[swift-evolution] [Proposal]: Drastically improve searching API (indexOf(…)) of CollectionType
Florian Bachmann
bachmann.florian at gmail.com
Tue Jan 5 10:30:03 CST 2016
Hey Vincent,
good proposal, love to see this in production. Better collection search
would become quite handy :-)
regards,
Flori
On Mon, Jan 4, 2016 at 4:13 PM, Vincent Esche via swift-evolution <
swift-evolution at swift.org> wrote:
> After having had this code laying around on my Mac since 6/26/15 (waiting
> for Swift to go open source)
> I figured it’s about damn time I submit the actual RFC for it. So without
> further ado…
>
> One of the areas where Swift’s stdlib is still quite lacking is searching.
> Which is a shame as searching (along with indexing) might be among
> the most important tasks of computer science/software development.
> One might not need fast collection searches for writing a banal fart or
> flashlight app,
> but almost every other app is likely to benefit from having a proper
> searching API.
>
> So I’d like to fix that.
>
> Attached you find a full RFC along with the full and functional source
> code to make it happen.
>
> I’d love to hear your opinion on this and will be more than happy to
> answer questions.
>
> Rendered Version + Full Implementation:
> https://gist.github.com/regexident/2b7531bd748f57679671
> (The code is tested using Quick/Nimble.

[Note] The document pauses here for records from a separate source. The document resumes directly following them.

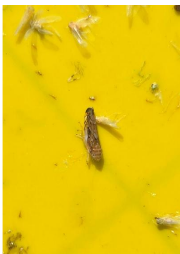
Cicadelle adulte de la flavescence dorée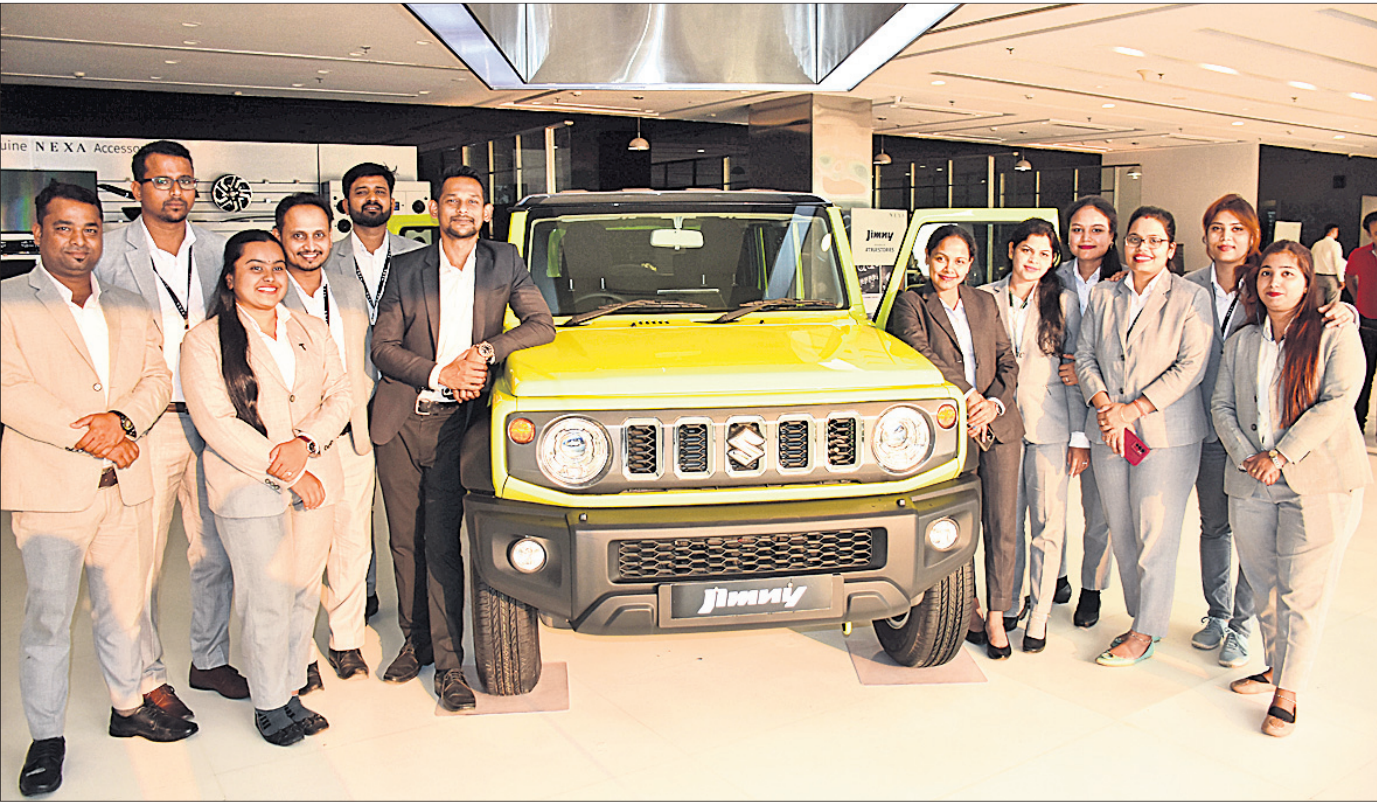
ଭୁବନେଶ୍ୱର ପରିଆସିତ ନେକ୍ସା ସାଇବରସିଟିରେ ଆୟୋଜିତ ମାରୁତି ସୁଜୁକି ଜିମ୍ନିର ୨ ଦିନିଆ ସ୍ୱତନ୍ତ୍ର ପ୍ରଦର୍ଶନ ଅବସରରେ ଶୋ'ରୁମର କର୍ମଚାରୀମାନେ ଉପସ୍ଥିତ ଅଛନ୍ତି।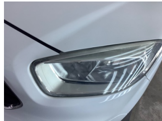
Farlar, Far, sol > Solmuş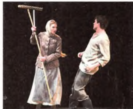
Сцэна з «Людзей на балоце» ў пастаноўцы Тэатра імя Янкі Купалы.

Цяжка было б чакаць іншага ад цыкла раманаў пра пакуты сялянства. Але як Мележ надрукаваў бы гэта ў сярэдзіне 1970-х? Ці пайшоў бы ▶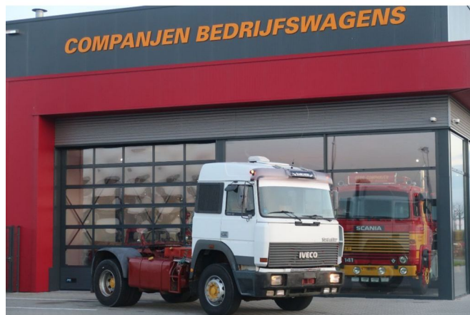
Iveco Turbostar 190.42 V8 190.42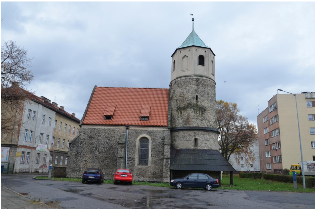
Fot. Strzelin – Kościół św. Gotarda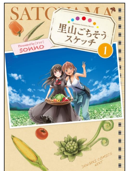
↑『里山ごちそうスケッチ』①表紙

都会から里山に引っ越してきたコミュ障気味の画家・杏(あんず)。脳内で食べ物を女の子に擬人化してしまう彼女の料理には、刺激的な“可愛さ”が満ち溢れていた……!! ニヤニヤ、ぴっくり、時々ほっこり、里山お料理らいふ★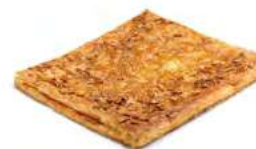
24750 Coca de Hojaldre de Cabello de Ángel 500g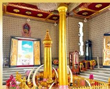
ศาลหลักเมือง กรุงเทพมหานคร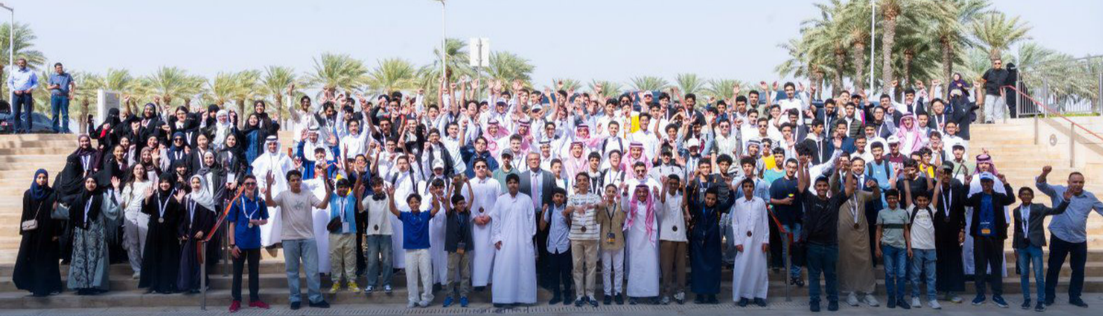
الطلاب المشاركون في المسابقة

البلاد (الدمام) سجلت الإدارة العامة للتعليم بالمنطقة الشرقية إنجازاً علمياً مميزاً، بحصدها 31 جائزة متنوعة (في سباقه كاوست للرياضيات 2026)، لتتربع على منصات التتويج الوطنية. وأكدت الإدارة أن هذا المكتسب الوطني النوعي، يترجم نجاح إستراتيجياتها في صقل المواهب، ويعكس تميز الناشئين والشباب في المنافسة العلمية.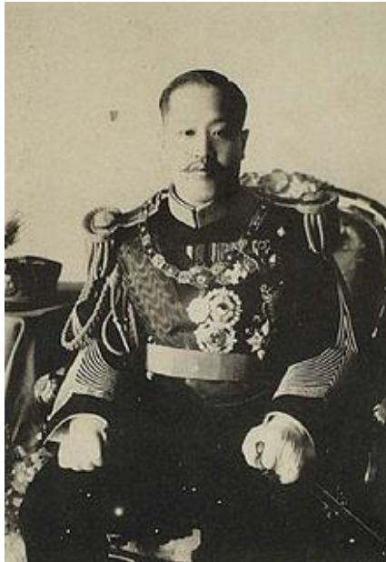
"Sunjong último rey de la dinastía Joseon"

La península de Corea fue gobernada durante varios siglos por la dinastía Joseon, desde que en 1394 el general Lee Sung-kei estableciese esta dinastía, hasta 1910 cuando el Imperio Nipón se anexionase la península y pusiera punto y final a la monarquía. Durante el siglo XIX los diferentes Estados asiáticos lucharon contra la intromisión de las potencias occidentales, al igual que la dinastía Joseon, que renunció a todo tipo de relación diplomática con estas. Su principal aliado China mantenía una política similar. En este contexto, ante la amenaza que suponían las potencias europeas, cuando China no pudo proporcionar ayuda a la monarquía coreana que permitiese plantar cara al Imperio japonés, esto supuso que la nueva potencia industrial, invadiese la península y acabase con una dinastía que había perdurado durante 516 años.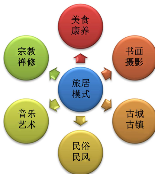
Figure 1. Sojourn and health mode 图 1. 旅居康养模式

以中医养生为核心，遍访地方特色养生膳食、素斋、绿色餐饮、养生茶汤、养生保健食品等多种食疗养生产品于一体的美食享老体系。并设置身体健康检查、医疗器械监测、健康咨询管理等多种享老服务项目。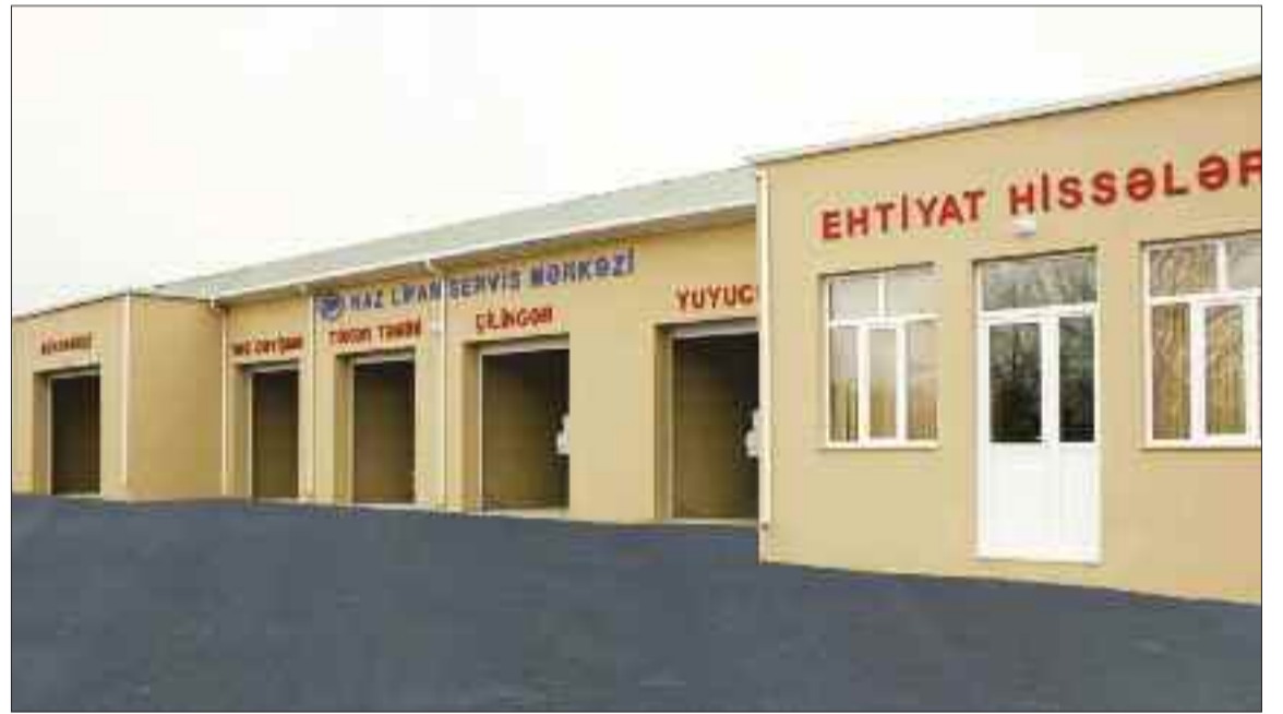
Şərur rayonunda "Naxçıvan Avtomobil Zavodu" Məhdud Məsuliyyətli Cəmiyyətinin texniki xidmət bölmələri və avtomobil ehtiyat hissələrinin satışı mağazası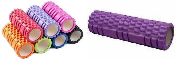
Fig. 11 y 12: foam roller multinivel y texturado (39,40)

Tests would thus have to be ported
> to Swift’s XCTest.)
>
> - Vincent
>
> Markdown-dump for
>
> # Improved Collection Search
>
> * Proposal: [SE-NNNN](
> https://github.com/apple/swift-evolution/blob/master/proposals/NNNN-name.md
> )
> * Author(s): [Vincent Esche](https://github.com/regexident)
> * Status: **Review**
> * Review manager: TBD
>
> ## Introduction
>
> This RFC proposes an extension to the currently rather limited and linear
> searching API of `CollectionType`, that is `indexOf(element:)` and
> `indexOf(predicate:)`.
> It proposes the backwards-compatible refactoring of those existing methods
> as well as the introduction of a view-based ensemble of methods for
> efficient binary-search.
>
> Swift-evolution thread: [link to the discussion thread for that proposal](
> https://lists.swift.org/pipermail/swift-evolution)
>
> ## Motivation
>
> Indexing of and searching in data is a big deal in software development.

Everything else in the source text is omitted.